Different applications running in different workspaces at the start-up (F36-Gnome)

When I start-up, I want some of the applications (such as chrome, terminal, vscode etc) open in different workspaces, so that everytime I open the computer, I dont have to adjust them. Is there way to do this ?

My question is something like this but its kind of old and for ubuntu.

Not that I’m aware of, no. From what I know applications may remember information like their window sizes, but I’ve not seen an application remember what workspace it was on.

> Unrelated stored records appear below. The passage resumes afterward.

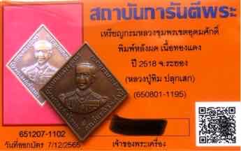 เหรียญกรมหลวงชุมพรเขตอุดมศักดิ์ พิมพ์หลังผด เนื้อทองแดง ปี2518 จ.ระยอง พร้อมบัตรรับรอง
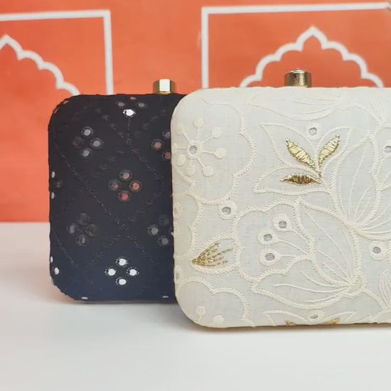 This clutch is a perfect fusion of traditional craftsmanship and modern design. The pastel embroidery adds a touch of vintage charm, while the structured box shape keeps it trendy and contemporary. Whether you’re dressing up for a cocktail evening or an ethnic celebration, this clutch will instantly elevate your outfit.
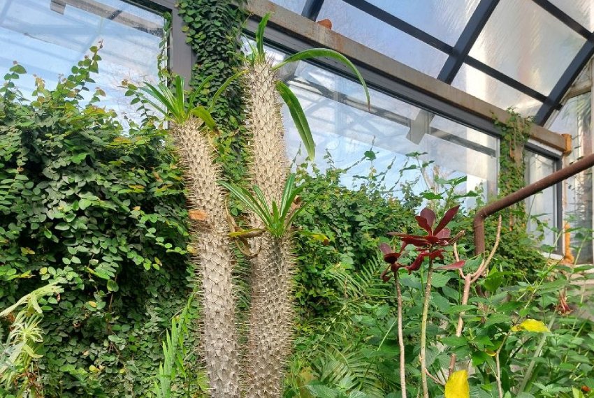 В оранжерее отлично растут разные виды и сорта аспарагуса, кактусов и суккулентов, фикусов, папоротников, гибискус, магнолия, мушмула, монстера, фейхоа и другие экзотические растения.Растения цветут круглый год, что-то отцветает, что-то только начинает. В оранжерею часто, особенно зимой, на экскурсии приходят студенты, школьники и ребята из детских садов. Особенно интересно смотреть на растения дошколятам. Их восхищению нет предела.
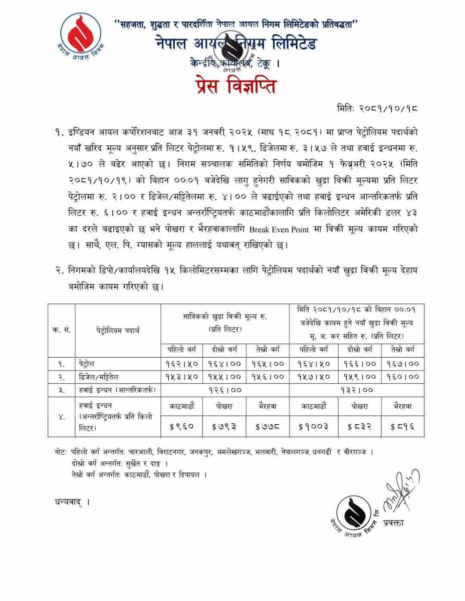 निगमले इण्डियन आयल कर्पोरेशनबाट पेट्रोल, डिजेल र मट्टितेलको मूल्य बढेर आएकाले मूल्य समायोजन गरिएको जनाएको छ । निगमका अनुसार पेट्रोलमा प्रतिलिटर २ रुपैयाँ तथा डिजेल र मट्टितेलमा ४ रुपैयाँले मूल्य बढाइएको छ । यस्तै हवाई इन्धनमा आन्तरिकतर्फ प्रतिलिटर ६ र अन्तर्राष्ट्रियतर्फ काठमाडौंका लागि प्रतिलिटर ४३ डलरका दरले बढाइएको छ भने पोखरा र भैरहवाका लागि ब्रेक इभन पोइन्टमा बिक्री मूल्य कायम गरिएको निगमले जनाएको छ ।
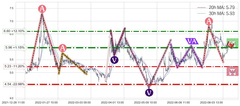 ♘ 阻力价格位5.96,可信任强度82.46%,距离最后交易2022-08-12 14:00形成的收盘价格5.89相差 +1.15%
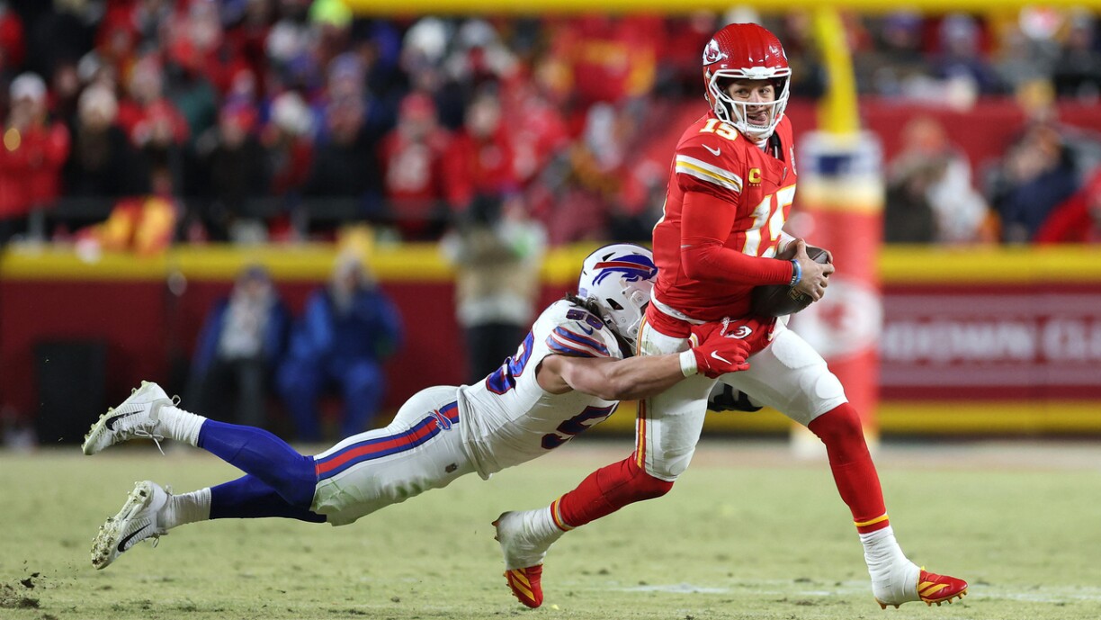 Méi interessant war d’Partie vun der AFC, well do goung et ëmmer nees hin an hier. Déi éischt Hallschent hat kloer de Kansas City Chiefs gehéiert, déi si mat 21:16 fir sech entscheet hunn. Den drëtte Quarter dogéint si wéineg Punkte gefall, keng bei den Chiefs mä dofir 6 bei de Buffalo Bills. Dat ass also duergaangen, datt si d’Partie konnten dréinen a mat 22:21 an déi lescht Minutte gaange sinn. Do awer sollten d’Chiefs Blat nees dréinen a si mat engem Touchdown plus Two-Point-Conversion nees 7 Punkten a Féierung gaangen. No awer grad emol véier Minutten hunn d’Bills nees ausgeglach. Dono huet d’Defense vu Buffalo de Patrick Mahomes a seng Chiefs aus der Endzon erausgehalen a “just” e Fieldgoal zougelooss. Mat awer nach dräi Minutten a 37 Sekonnen haten d’Bills duerchaus nach d’Chance, fir auszegläichen oder esouguer a Féierung ze goen. Ma och hei war d’Defense vum Géigner do. Mat nach 2 Minutten op der Auer haten d’Bills beim véierte Versuch nach 5 Yards ze goen, dat an der eegener Hallschent. Si sinn de Risiko agaangen an hunn et probéiert, et ass hinnen awer net gelongen. Esou hunn d’Chiefs de Ball zeréckkritt an hunn d’Zäit auslafe gelooss. Si wanne zum Schluss verdéngt eng enk a spannend Partie.

I see this extension, which may do what you want:

https://extensions.gnome.org/extension/16/auto-move-windows/

(not tried it).

1 Like

In your link wmctrl is addressed. I also use this tool. But it only works under X.
You can also start your Gnome desktop with Xserver instead of Wayland to use the tool. If so, I can help you with the configuration.
But if you want to stay with Wayland which is set by default then there is no way around an extension like @ankursinha
suggested.

The Xserver is meanwhile approx. 30 years old and thus many small aids (wmctrl, xev, xdotool etc.) developed which must be carried now only slowly also to Wayland.

2 Likes

This kind of program working on wayland would be nicer actually. I am mainly using Wayland. Maybe at some day it becomes avaliable.

1 Like

The feature we’re looking for is a sort of “session save”, where when one logs out, the current session is stored and the restored on the next logout. From what I read, gnome used to have this, but it was removed—because this is extremely complex to implement—it’s like a hibernate function where the complete desktop state needs to be saved.

For the simpler issue of “remembering” workspaces (well, simpler than a complete session save), I see folks have come up with their own ways of doing it, e.g.:

I don’t know enough about Gnome to say how this can be done—perhaps using all the dbus bits. Maybe the sources of the extension would have some hints.

1 Like

There’s a program named devilspie that does this under X, but I’ve no idea how it works under Wayland, if at all. If nothing else, it’s worth looking at.